Он улыбнулся углами губ, но был весь напряженный, зажатый. Я с серьезным видом попробовала рукой температуру его лба, озадаченно покачала головой - «высокая температура, больной» - но руку уже не отрывала, тихонько гладила его волосы. Другой рукой прослушала пульс, и тоже уже больше руку не отпускала, гуляла пальцами потихоньку по атласной коже предплечья. И говорила, говорила, заговаривала его страхи.

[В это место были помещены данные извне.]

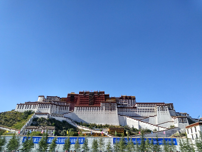 拉萨的白天真是长!早上8点多已经艳阳高照,晚上9点钟天色依然未暗。从我们住的酒店到布宫广场,走路只要十几分钟。

- Послушай, сейчас я тебе все растолкую. Вся твоя проблема в том, что у тебя
не было регулярной половой жизни. Не надо бояться, никаким сексом мы сейчас с тобой заниматься не будем. Будет лечение. Ты на сеансе у профессора И. Гомориной. Мои сеансы стоят дорого (боже, что я сморозила!), но... кха-кха... с тебя я ничего брать не буду. (Еще лучше! Да я сама трясусь, как дура! Напугаю парня, он убежит же сейчас в моем халате). Слушай, итак. Если мужчина не ведет нормальную половую жизнь, у него естественным образом накапливается э-э…сперма. Не находя нормального выхода, она изливается либо в ночных поллюциях, либо даже в дневных. Сперма свой выход всегда найдет, от нее зависит выживание рода человеческого. В твоем случае переизбыток спермы ведет к перевозбуждению и самопроизвольной эякуляции. Эякуляция - это...

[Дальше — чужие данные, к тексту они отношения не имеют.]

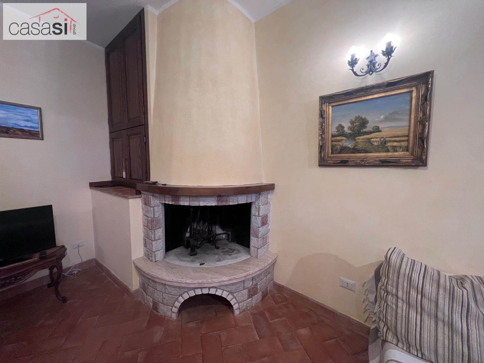 Accogliente *soggiorno con caminetto, elegante e luminoso

- Я знаю... - сказал он.- Не совсем дурак.
Я засмеялась.
- Это обнадеживает. Так. Отлично. Ставлю диагноз – юношеский
спермотоксикоз. Диагноз поставлен. Как будем лечить? А как во все времена и лечили. Нормальной половой жизнью. Но сейчас ты напряжен, ты боишься, что у тебя не получится, что ты кончишь раньше времени и все такое прочее. Поэтому сексом-то как раз мы с тобой заниматься и не будем. Мы с тобой будем лежать рядом и разговаривать. Можешь меня погладить, я поглажу тебя. И все. Если я тебе понравлюсь, и даже может быть, ты возбудишься от моих прелестей, то никто тебе не запрещает просто кончить. Вот полотенце. Мы вытремся и будем лежать рядом и рассказывать друг другу свои жизни, которые произошли до нашей встречи.

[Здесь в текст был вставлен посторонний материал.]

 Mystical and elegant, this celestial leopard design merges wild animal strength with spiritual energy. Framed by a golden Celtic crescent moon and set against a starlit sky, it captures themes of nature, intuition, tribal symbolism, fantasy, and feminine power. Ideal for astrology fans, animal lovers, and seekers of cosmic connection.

Я быстро переоделась за дверцей шкафа, накинула халатик, включила телефон, потому что Мауро с ума сойдет, если не дозвонится, и забралась к Артему под простыню, легла рядом на спину, почти не касаясь его. Так мы лежали довольно долго, я смотрела в черное окно и вдруг прямо напротив меня белым божественным светом в небе вспыхнул… ангел! Я аж вздрогнула, головой потрясла, тут же восьмой этаж! Ангел погас. Снова вспыхнул, осыпался снопом искр, погас. Господи, это же электросварщик высотный. Что они делают среди ночи на такой высоте! Фу, ну и напугал он меня, думала, гальюники начались. Мальчик рядом был такой теплый, дыхание его успокоилось, стало едва слышным. Я прошептала:
- Ты не спишь?
Он аж вскинулся.
- Ты чё! Какой сон!
- О чем думаешь?
- Так.
- Ты знаешь, у меня такое ощущение, что мы знакомы давным-давно, что мы
родные люди. Может, мы в прошлых жизнях были мужем и женой, или ты был мне сыном, а я тебе матерью. Расслабься. Просто лежи. Тебя наверно никто вот так не гладил, и здесь никто не трогал... да? Приятно? Я знаю... Не бойся, я тебя просто глажу, я тебя чешу, как котика. Можешь помурлыкать, если хочешь.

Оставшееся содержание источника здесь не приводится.